I took a step back into the corner.

They also talked?

“Hi, Snuggles,” Jorgen said. The pin translated “Snuggles” as a cuddling action, but the slug looked too spiky to cuddle with to me. Jorgen shot an irritated glance at FM. “I thought you were working on that stay command.”

“We’re working on it,” FM said. “Gill is getting pretty good, but—”

“Gill!” the yellow slug said, and then it disappeared and reappeared again on the floor by FM’s feet with a second yellow and blue slug in tow, this one with blue markings framing its head.

“Yes,” Jorgen said. “I see that Gill is great at it.”

“To be fair,” FM said, “that wasn’t his fault.”

“Gill!” Snuggles said triumphantly.

Jorgen sighed, and FM pulled a fabric sling out of her pocket, wrapping it over her shoulder. She picked up the slug from the floor and tucked it into the pouch, petting it on its spines.

I stared at them all. “What is that?” I asked.

“It’s a taynix,” FM said. The creature leaned toward me out of the sling. Its body was long and thin, like the wood leeches that sometimes infested the bark of the trees back home.

I was familiar with several alien species, but not one that looked like this. “Are they intelligent?” I asked.

    “Yes,” FM said.

“Sort of,” Jorgen corrected her.

“Not as intelligent as humans,” FM allowed. “They don’t actually talk. They repeat things we say.”

“Things we say!” Gill said.

“Yes, like that,” FM said. “Thanks, Gill.”

“And they hyperjump,” I said.

Jorgen closed his eyes. “Yes. So much for not revealing all of our secrets immediately. Thanks a lot, Snuggles.”

“Snuggles!” Gill repeated.

This was officially the strangest meeting I’d ever had, but at least I’d already learned something. “The creatures are cytonic,” I said. “I can feel them in my mind.”

“Yes,” Jorgen said. He peered around the side of the curtain, like he was afraid we would be overheard. “But don’t try to communicate with this one.” He indicated the one riding on his shoulder. This taynix was red with black stripes down its sides and black spines running down the center of its back. “He’s…temperamental. I can’t go through that again.”

“Again!” the red slug said. Its voice was deeper than the others, and somehow more disconcerting.

“But you’re not here to talk about slugs,” FM said. “You said you needed help? I’m surprised you’d come to us, after the way you were treated last time.”

“I don’t want to judge your whole people by the actions of a few,” I said carefully. “I would not like it if you judged my people by the actions of some that I know.”

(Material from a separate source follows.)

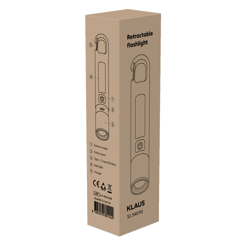 KLAUS je punjiva baterijska lampa dizajnirana za korisnike kojima su potrebni snažno osvetljenje, fleksibilnost i praktično nošenje u svakodnevnim i outdoor uslovima. Opremljena je sa 8 LED lampica, dodatnim bočnim svetlom, tri režima rada svetlosti i zoom funkcijom, što omogućava prilagođavanje osvetljenja različitim situacijama. Svetlosni snop jačine 140 lumena dostiže domet do 60 metara, dok ugrađena baterija kapaciteta 1200 mAh obezbeđuje pouzdanu upotrebu bez česte potrebe za punjenjem. Lampa se puni na praktičan način – povlačenjem plastičnog dela, gde se nalazi Type-C konektor. Dodatnu praktičnost pruža karabinjer sa otvaranjem, koji omogućava lako kačenje za kaiš, ranac ili ključeve. KLAUS dolazi u poklon kutiji i predstavlja funkcionalan poslovni poklon i promotivni proizvod. Ključne karakteristike: Materijal: plastika • 8 LED sijalica • Bočno svetlo • Snaga: 140 lumena • Domet osvetljenja do 60 m • Tri režima rada • Zoom funkcija • Baterija kapaciteta 1200 mAh • Type-C konektor • Karabinjer za kačenje • Poklon pakovanje

    FM smiled. “I’m glad you feel that way.”

They both watched me expectantly. We’d certainly been through the small talk portion of the conversation that Finis recommended, even if we’d been talking about teleporting slugs, which was definitely not part of my espionage primer. “Some of my people have decided to align themselves with our common enemy,” I said. “I think both our peoples could benefit from an alliance.”